Dense Unsupervised Learning for Video Segmentation

License Framework

This repository contains the official implementation of our paper:

Dense Unsupervised Learning for Video Segmentation
Nikita Araslanov, Simone Schaub-Mayer and Stefan Roth
To appear at NeurIPS*2021. [paper] [supp] [talk] [example results] [arXiv]

drawing

We efficiently learn spatio-temporal correspondences
without any supervision, and achieve state-of-the-art
accuracy of video object segmentation.

Contact: Nikita Araslanov fname.lname (at) visinf.tu-darmstadt.de


Installation

Requirements. To reproduce our results, we recommend Python >=3.6, PyTorch >=1.4, CUDA >=10.0. At least one Titan X GPUs (12GB) or equivalent is required. The code was primarily developed under PyTorch 1.8 on a single A100 GPU.

The following steps will set up a local copy of the repository.

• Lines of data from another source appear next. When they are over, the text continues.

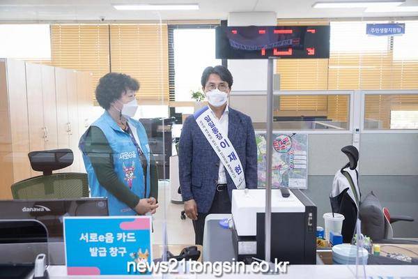 ‘일일 동장’이란 어깨띠까지 두르고 민원 청취에 나선 이재현 청장은 아라동 전입 주민에게 서로e음 카드 발급과 전입자에게 꼭 필요한 행정정보 등을 안내하는 동시에 각종 건의사항과 생활불편사항 등을 청취하며 적극 해결할 것을 약속했다.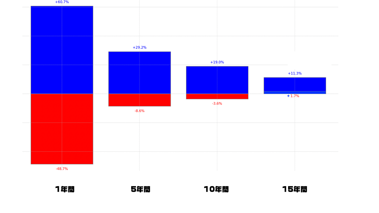1年だけ投資した場合をみると、リターンが最も高かった年は+60.7%、最も低かった年は‐48.7%と大きな差がありました。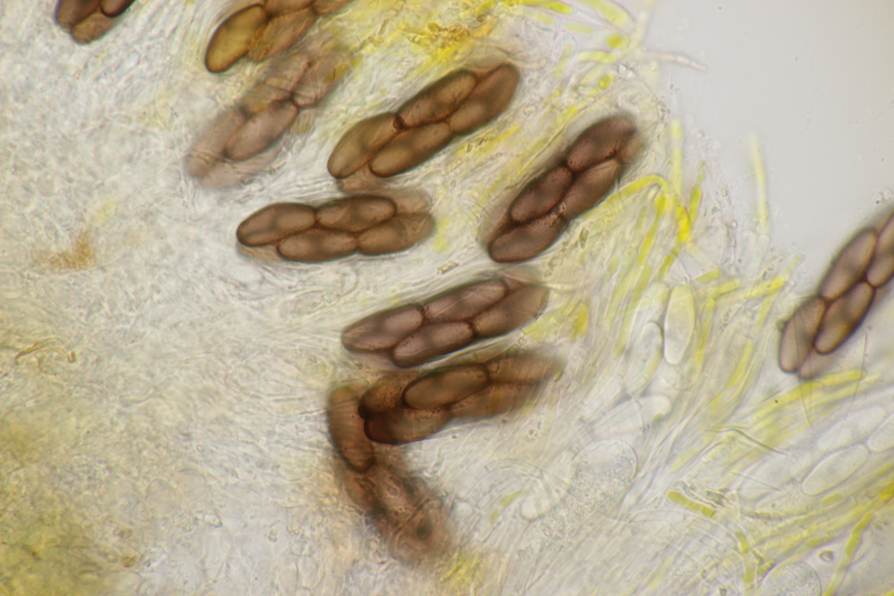 Heute habe ich dann diesen Thecotheus erwischt. Die Sporen messen (32.4+-1.0) µm x (14.3+-0.9) µm, Q=2.3+-0.1 bzw. (30.2-34.9) µm x (12.7-15.5) µm, Q=2.1-2.5. Damit lande ich bei Thecotheus holmskjoldii. Geht ihr da mit?

  1. Create conda environment:
conda create --name dense-ulearn-vos
source activate dense-ulearn-vos
  1. Install PyTorch >=1.4 (see PyTorch instructions). For example on Linux, run:
conda install pytorch torchvision torchaudio cudatoolkit=11.3 -c pytorch
  1. Install the dependencies:
pip install -r requirements.txt
  1. Download the data:
Dataset Website Target directory with video sequences
YouTube-VOS Link data/ytvos/train/JPEGImages/
OxUvA Link data/OxUvA/images/dev/
TrackingNet Link data/tracking/train/jpegs/
Kinetics-400 Link data/kinetics400/video_jpeg/train/

The last column in this table specifies a path to subdirectories (relative to the project root) containing images of video frames. You can obviously use a different path structure. In this case, you will need to adjust the paths in data/filelists/ for every dataset accordingly.

  1. Download filelists:
cd data/filelists
bash download.sh

This will download lists of training and validation paths for all datasets.

Training

We following bash script will train a ResNet-18 model from scratch on one of the four supported datasets (see above):

bash ./launch/train.sh [ytvos|oxuva|track|kinetics]

We also provide our final models for download.

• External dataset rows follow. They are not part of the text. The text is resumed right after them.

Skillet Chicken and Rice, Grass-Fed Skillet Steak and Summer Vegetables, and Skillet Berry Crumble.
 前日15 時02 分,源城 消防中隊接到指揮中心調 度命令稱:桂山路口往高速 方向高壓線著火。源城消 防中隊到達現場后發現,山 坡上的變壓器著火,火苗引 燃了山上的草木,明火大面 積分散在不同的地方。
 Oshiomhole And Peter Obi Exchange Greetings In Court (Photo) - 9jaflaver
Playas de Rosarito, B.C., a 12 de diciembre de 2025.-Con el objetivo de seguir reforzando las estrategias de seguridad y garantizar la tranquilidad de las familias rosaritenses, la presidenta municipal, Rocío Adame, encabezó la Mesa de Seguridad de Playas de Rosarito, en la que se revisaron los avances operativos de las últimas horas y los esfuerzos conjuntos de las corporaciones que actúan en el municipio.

Dataset Mean J&F (DAVIS-2017) Link MD5
OxUvA 65.3 oxuva_e430_res4.pth (132M) af541[...]d09b3
YouTube-VOS 69.3 ytvos_e060_res4.pth (132M) c3ae3[...]55faf
TrackingNet 69.4 trackingnet_e088_res4.pth (88M) 3e7e9[...]95fa9
Kinetics-400 68.7 kinetics_e026_res4.pth (88M) 086db[...]a7d98

Inference and evaluation

Inference

To run the inference use launch/infer_vos.sh:

bash ./launch/infer_vos.sh [davis|ytvos]

The first argument selects the validation dataset to use (davis for DAVIS-2017; ytvos for YouTube-VOS). The bash variables declared in the script further help to set up the paths for reading the data and the pre-trained models as well as the output directory:

  • EXP, RUN_ID and SNAPSHOT determine the pre-trained model to load.
  • VER specifies a suffix for the output directory (in case you would like to experiment with different configurations for label propagation). Please, refer to launch/infer_vos.sh for their usage.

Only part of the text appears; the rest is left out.